== YOUR ASSIGNMENT ==
Beginning with the line that contains "A szőlőmagolajos Yamuna" and ending with the line that contains "3 .獨(dú)立式三相交流電源,無輸出變壓器結(jié)構(gòu),輸入隔離,輸出未隔離結(jié)構(gòu)圖 : |", reproduce the lines of the entries below exactly, omitting pictures.

== EXTRACTED INFORMATION ==

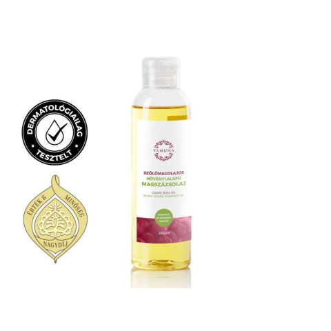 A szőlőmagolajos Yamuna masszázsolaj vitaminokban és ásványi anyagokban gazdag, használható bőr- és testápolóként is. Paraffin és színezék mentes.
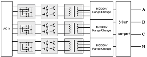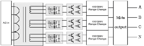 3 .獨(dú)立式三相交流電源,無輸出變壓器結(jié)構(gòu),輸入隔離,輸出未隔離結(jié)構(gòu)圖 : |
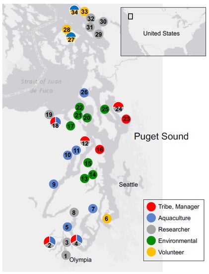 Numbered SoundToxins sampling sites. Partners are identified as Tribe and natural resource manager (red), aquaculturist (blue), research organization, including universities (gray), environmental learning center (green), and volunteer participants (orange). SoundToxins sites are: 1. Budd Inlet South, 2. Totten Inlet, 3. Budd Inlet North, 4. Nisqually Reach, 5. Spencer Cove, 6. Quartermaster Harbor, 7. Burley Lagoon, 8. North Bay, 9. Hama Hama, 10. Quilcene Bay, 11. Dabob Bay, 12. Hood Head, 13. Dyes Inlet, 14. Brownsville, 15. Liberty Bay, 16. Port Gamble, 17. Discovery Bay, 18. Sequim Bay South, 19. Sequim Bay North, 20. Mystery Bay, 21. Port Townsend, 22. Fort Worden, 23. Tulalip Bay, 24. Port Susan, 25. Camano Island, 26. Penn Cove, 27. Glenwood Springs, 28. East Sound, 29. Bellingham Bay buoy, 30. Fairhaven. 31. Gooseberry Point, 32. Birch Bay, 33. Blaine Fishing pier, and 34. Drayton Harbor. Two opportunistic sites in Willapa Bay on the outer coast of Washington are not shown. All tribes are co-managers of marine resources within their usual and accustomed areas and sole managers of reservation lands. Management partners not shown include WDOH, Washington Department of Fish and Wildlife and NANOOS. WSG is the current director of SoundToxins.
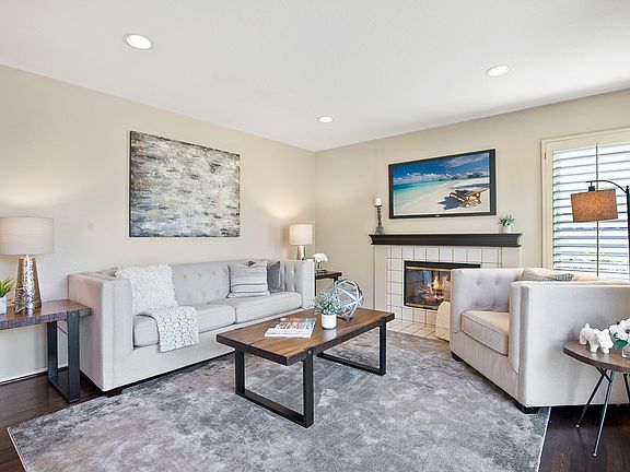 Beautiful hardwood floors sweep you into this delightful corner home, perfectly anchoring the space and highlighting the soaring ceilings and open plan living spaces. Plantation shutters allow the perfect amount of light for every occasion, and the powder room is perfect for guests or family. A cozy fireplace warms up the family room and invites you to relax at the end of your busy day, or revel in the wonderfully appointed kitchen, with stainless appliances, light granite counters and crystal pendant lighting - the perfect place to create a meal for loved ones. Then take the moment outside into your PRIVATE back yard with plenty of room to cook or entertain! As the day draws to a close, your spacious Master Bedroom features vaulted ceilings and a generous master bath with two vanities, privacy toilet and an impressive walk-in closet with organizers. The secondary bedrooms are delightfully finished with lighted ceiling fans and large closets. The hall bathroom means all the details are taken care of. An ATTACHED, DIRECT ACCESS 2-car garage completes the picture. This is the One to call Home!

...

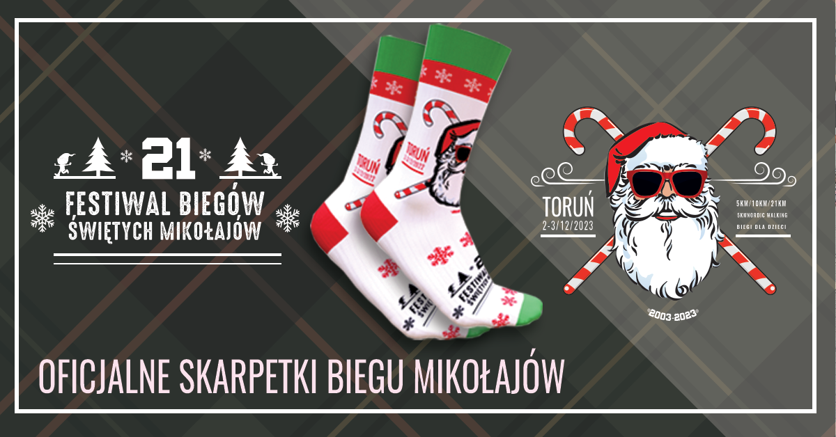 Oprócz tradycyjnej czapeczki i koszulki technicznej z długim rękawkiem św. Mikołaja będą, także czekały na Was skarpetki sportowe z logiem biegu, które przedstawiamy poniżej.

== RESULT ==
 A szőlőmagolajos Yamuna masszázsolaj vitaminokban és ásványi anyagokban gazdag, használható bőr- és testápolóként is. Paraffin és színezék mentes.
 3 .獨(dú)立式三相交流電源,無輸出變壓器結(jié)構(gòu),輸入隔離,輸出未隔離結(jié)構(gòu)圖 : |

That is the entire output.